Now, Great Britain started in a different way. Great Britain started in the middle of the Second World War. They realized they had to have healthy people. So the government built hospitals, the government hired the doctors. It was all government everything. And that is their system. Every system comes in a different way.
Now, the United States in 2009 is not going to have Canada, it's not going to have Great Britain, it's not going to have France, it's not going to have anybody else. It's going to have an American system designed by this Congress, with the leadership of President Obama, that deals with the problems as they are today in this country.
Would the gentleman yield?
Congressman, it's nice to have you with us, and I admire you so much, both in your foreign affairs philosophy as well as your domestic philosophy. I appreciate the fight that you have put up over many years.
You know, as I see it, health care is also an economic issue, and it's an issue of education as well, because if you have got children who are not healthy, when they go to school, they can't give their best. And so, as they grow up, they can't compete with other students from other countries who have had a healthy preventive health-type of experience.

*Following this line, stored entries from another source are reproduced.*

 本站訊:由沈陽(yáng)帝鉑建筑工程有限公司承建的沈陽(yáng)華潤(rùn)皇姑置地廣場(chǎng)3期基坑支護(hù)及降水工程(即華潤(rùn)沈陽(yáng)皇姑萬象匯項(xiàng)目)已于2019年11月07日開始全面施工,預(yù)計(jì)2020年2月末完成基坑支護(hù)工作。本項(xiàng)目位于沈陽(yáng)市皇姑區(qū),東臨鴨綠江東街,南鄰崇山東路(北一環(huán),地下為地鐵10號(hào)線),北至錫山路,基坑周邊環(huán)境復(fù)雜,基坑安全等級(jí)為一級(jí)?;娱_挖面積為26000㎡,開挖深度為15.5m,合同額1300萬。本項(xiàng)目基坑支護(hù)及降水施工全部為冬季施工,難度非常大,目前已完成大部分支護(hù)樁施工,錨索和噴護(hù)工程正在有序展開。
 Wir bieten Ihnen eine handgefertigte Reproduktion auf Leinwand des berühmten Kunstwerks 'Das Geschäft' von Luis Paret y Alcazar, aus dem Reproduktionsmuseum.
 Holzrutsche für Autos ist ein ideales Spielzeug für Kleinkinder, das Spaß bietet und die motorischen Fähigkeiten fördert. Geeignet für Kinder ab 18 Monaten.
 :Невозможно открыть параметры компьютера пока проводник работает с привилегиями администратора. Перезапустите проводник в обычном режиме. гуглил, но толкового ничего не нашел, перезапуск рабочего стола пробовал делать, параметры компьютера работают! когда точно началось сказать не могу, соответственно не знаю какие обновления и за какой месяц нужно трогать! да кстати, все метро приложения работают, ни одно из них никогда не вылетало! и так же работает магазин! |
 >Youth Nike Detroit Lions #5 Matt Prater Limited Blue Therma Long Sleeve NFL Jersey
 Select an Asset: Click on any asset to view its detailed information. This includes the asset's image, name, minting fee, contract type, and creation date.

It's an economic issue because we have got to compete in a global economy now. American workers--and it's so important that our workers, our middle-class workers, that they are able to access health care, remain healthy, wealthy, and wise, if you will. And so it's an economic issue. It's like removing termites from your house. If you know you have got termites, you know that they are going to at some point eat up the whole frame. And so to prevent that from happening is very important.
Health care is one of those important areas that has been neglected for so long for working-class people. And so I am glad that we have a President that is going to be assertive in terms of changing this system that does not work for anybody but the insurance companies as far as I can see.
And so this American Recovery and Reinvestment Plan includes, of course, some outlay for health care. If you could comment, if I might ask.
There's another piece. I have got to say I am excited because I was just down at the White House and the President just signed SCHIP. He gave a wonderful speech before he signed the bill, and said, This is just a start. We are going to take some more steps.
It's exciting to have somebody leading. And a part of what he has asked us to do in this economic recovery bill is begin the IT buildup that we need in our health care system. When you go to a doctor, and I practiced medicine for 20 years, so I wrote all my stuff out. And if you went to see a doctor somewhere else across the country, there's no way that doctor would know what I had done for you or what I might have prescribed for you, or anything else.
But if we have an electronic system that is protected so privacy is protected--I mean you have got to protect people's privacy. But if you get sick in Minneapolis--or St. Paul, I guess more like it--and you then come to Seattle, the doctor who sees you in Seattle doesn't know anything, because if you don't remember what the medications are or what the x-rays showed or anything else, there's no way he is going to know it.
But with the money that is invested in this economic recovery package for medical technology, for IT work, intellectual properties, you are making it possible for a doctor in Seattle to sit down at his computer with the numbers that Mr. Ellison would give him and find out what went on with him when he was treated in St. Paul.
Would the gentleman yield?
We have cut down on so many medical errors. I know that you being a doctor, you could probably relate to this. The penmanship of the average doctor is quite, some say, arrogant. You can't understand what is written.
So electronic medical records would be a clear communications device that would cut down on medical mistakes, pharmaceutical errors, and the like. That is an investment in the future of this country, and also it sets up our entrepreneurs, Congressman Ellison. It sets us up to lead the way as future developing nations see the need to bring that kind of technical expertise to their own health care systems.
And so it puts us in a great position in the future, as does the recovery package with respect to energy.
Thank you, Congressman. I am going to yield back to Dr. McDermott because he was driving at a point that I think the American people need to hear about.
Congressman McDermott, when you were there at the White House and President Obama had just given his speech, all you guys who were instrumental in getting SCHIP together probably gathered around the desk and you saw him write his name on that bill which, in effect, makes SCHIP law, as a medical professional, as a person dedicated to the health of our Nation, what did you feel?
You know, I have got to admit, it brought a tear to my eye when he talked in his speech about the fact that when your kids look at you, they expect you to be able to take care of them. And if you haven't got health insurance, then you're caught between a kid that has got a problem and, Can I fill the prescription? Or, If I go and get a big hospital bill with my kid, how am I going to deal with that?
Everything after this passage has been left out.